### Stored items
-*-*-
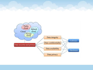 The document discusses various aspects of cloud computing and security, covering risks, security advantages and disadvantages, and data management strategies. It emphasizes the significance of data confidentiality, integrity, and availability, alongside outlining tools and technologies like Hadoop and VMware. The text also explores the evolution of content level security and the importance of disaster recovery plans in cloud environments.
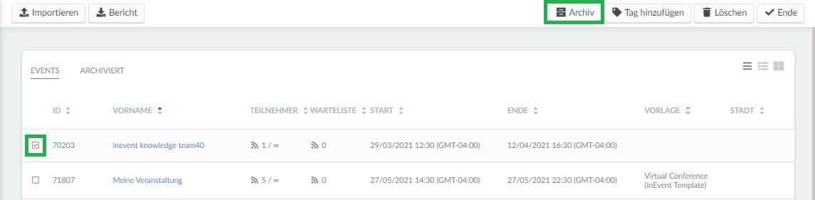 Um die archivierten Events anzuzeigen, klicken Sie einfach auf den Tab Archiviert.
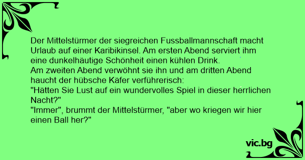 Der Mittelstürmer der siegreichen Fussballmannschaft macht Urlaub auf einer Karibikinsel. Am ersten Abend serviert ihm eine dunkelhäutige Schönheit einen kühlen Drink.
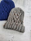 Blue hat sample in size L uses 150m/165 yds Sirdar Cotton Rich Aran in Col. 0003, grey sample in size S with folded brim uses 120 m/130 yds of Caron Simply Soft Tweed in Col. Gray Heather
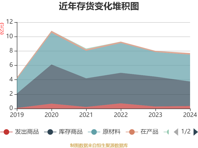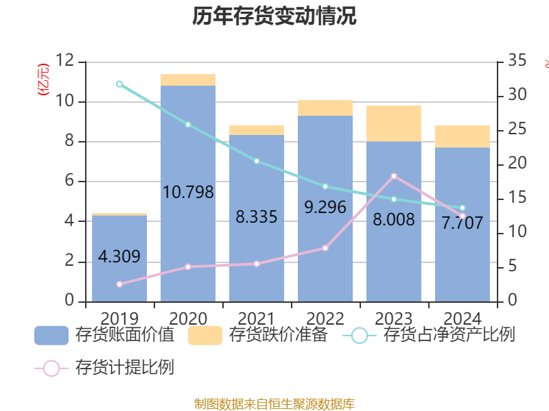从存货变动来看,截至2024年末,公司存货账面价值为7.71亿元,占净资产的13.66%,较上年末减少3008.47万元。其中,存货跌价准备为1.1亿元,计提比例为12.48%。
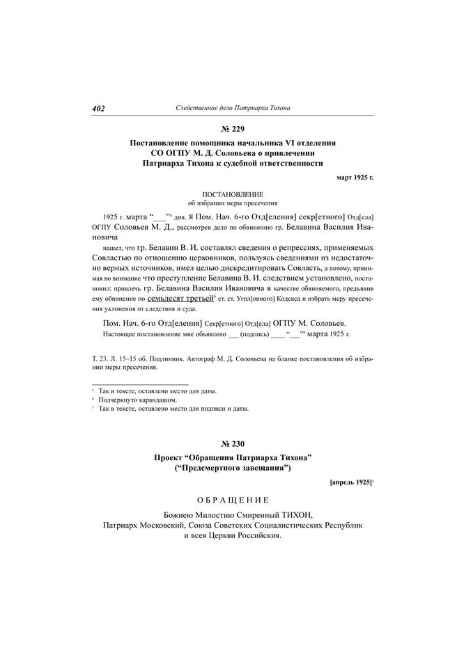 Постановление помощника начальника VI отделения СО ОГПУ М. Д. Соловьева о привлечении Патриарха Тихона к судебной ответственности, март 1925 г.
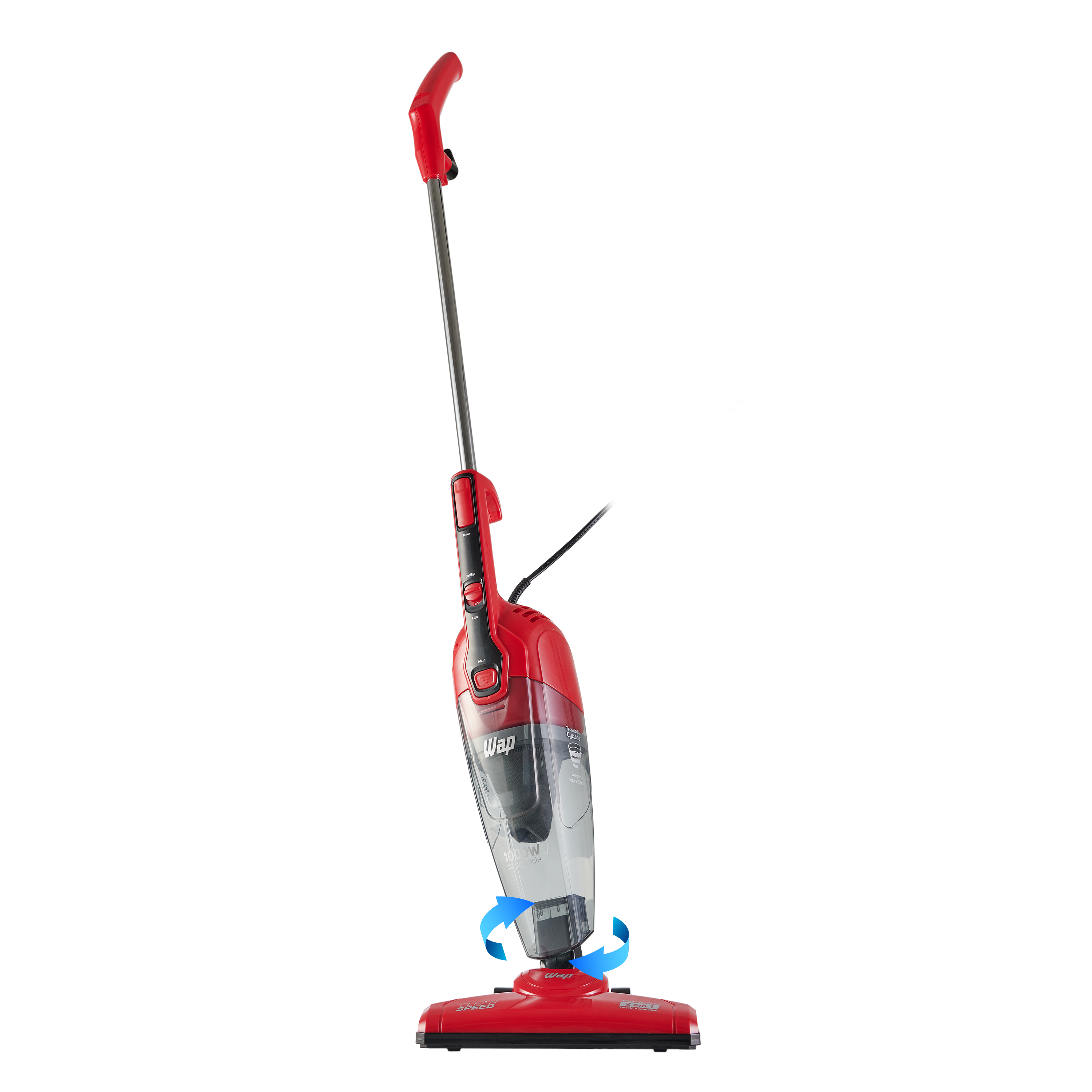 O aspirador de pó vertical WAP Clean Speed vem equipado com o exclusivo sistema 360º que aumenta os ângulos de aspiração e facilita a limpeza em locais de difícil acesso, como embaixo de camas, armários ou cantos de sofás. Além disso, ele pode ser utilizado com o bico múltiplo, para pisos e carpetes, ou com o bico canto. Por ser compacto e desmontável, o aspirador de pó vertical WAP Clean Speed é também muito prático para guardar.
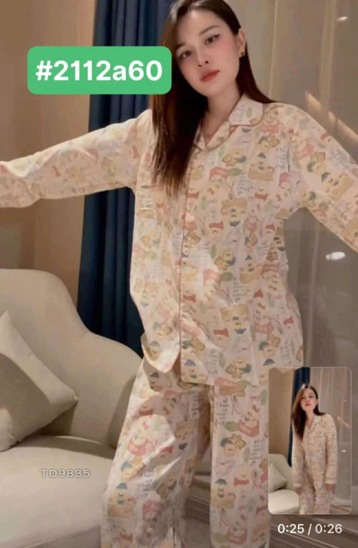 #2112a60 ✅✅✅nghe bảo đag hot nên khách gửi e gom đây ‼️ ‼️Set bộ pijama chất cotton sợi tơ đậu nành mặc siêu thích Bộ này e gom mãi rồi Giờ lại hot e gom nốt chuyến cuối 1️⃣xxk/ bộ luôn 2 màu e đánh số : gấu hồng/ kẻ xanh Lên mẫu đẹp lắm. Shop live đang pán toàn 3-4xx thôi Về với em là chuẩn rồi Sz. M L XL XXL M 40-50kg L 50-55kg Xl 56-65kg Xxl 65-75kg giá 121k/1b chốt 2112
-*-*-
### Problem
Copy word for word only the lines above from the one with "Blue hat sample" through the one with "从存货变动来看,截至2024". Leave pictures out.

### Output of the exercise
 Blue hat sample in size L uses 150m/165 yds Sirdar Cotton Rich Aran in Col. 0003, grey sample in size S with folded brim uses 120 m/130 yds of Caron Simply Soft Tweed in Col. Gray Heather
从存货变动来看,截至2024年末,公司存货账面价值为7.71亿元,占净资产的13.66%,较上年末减少3008.47万元。其中,存货跌价准备为1.1亿元,计提比例为12.48%。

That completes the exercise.